Time Complexity: Checking if a bit is set
O(1)
0
0
Checking if a bit is set in Embedded C - Time & Space Complexity
Understanding Time Complexity
We want to understand how the time to check a bit changes as the input changes.
Specifically, how long does it take to find out if a certain bit is set in a number?
Scenario Under Consideration
Analyze the time complexity of the following code snippet.
unsigned int isBitSet(unsigned int num, unsigned int pos) {
return (num & (1U << pos)) != 0;
}
This code checks if the bit at position pos in num is set (1) or not (0).
Identify Repeating Operations
Identify the loops, recursion, array traversals that repeat.
- Primary operation: A single bitwise AND and shift operation.
- How many times: Exactly once per function call.
How Execution Grows With Input
The time to check a bit does not grow with the size of the number or the bit position.

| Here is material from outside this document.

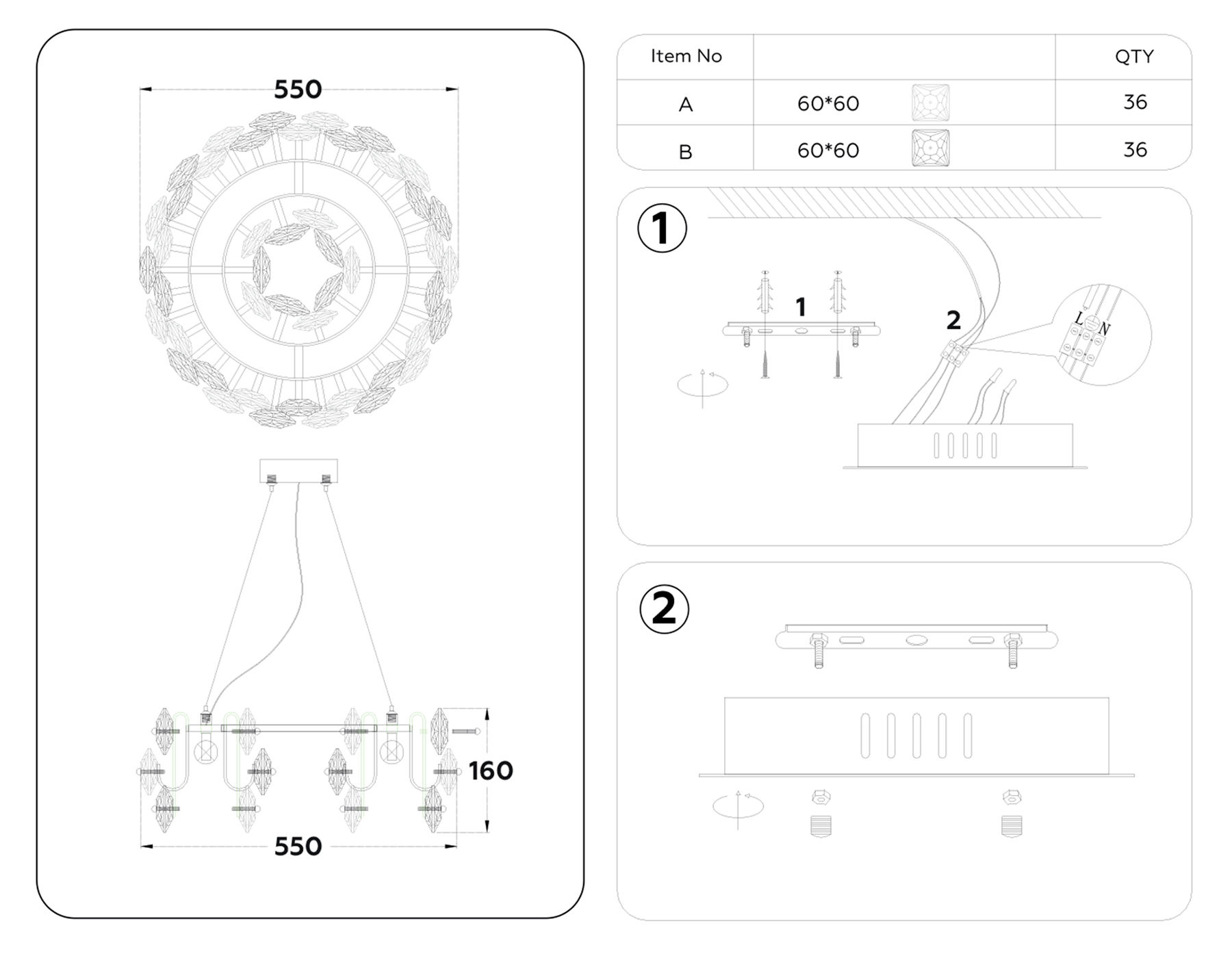 - подвесная люстра (лампа не в комплекте)

| Input Size (bit position) | Approx. Operations |
|---|---|
| 10 | 1 |
| 100 | 1 |
| 1000 | 1 |
Pattern observation: The operation count stays the same no matter the input size.
Final Time Complexity
Time Complexity: O(1)
This means the time to check a bit is constant and does not depend on the input size.
Common Mistake
[X] Wrong: "Checking a bit takes longer if the bit position is higher."
[OK] Correct: Bitwise operations run in constant time regardless of which bit is checked.
Interview Connect
Knowing that bit checks are constant time helps you write efficient low-level code and answer questions confidently.
Self-Check
"What if we checked multiple bits one by one in a loop? How would the time complexity change?"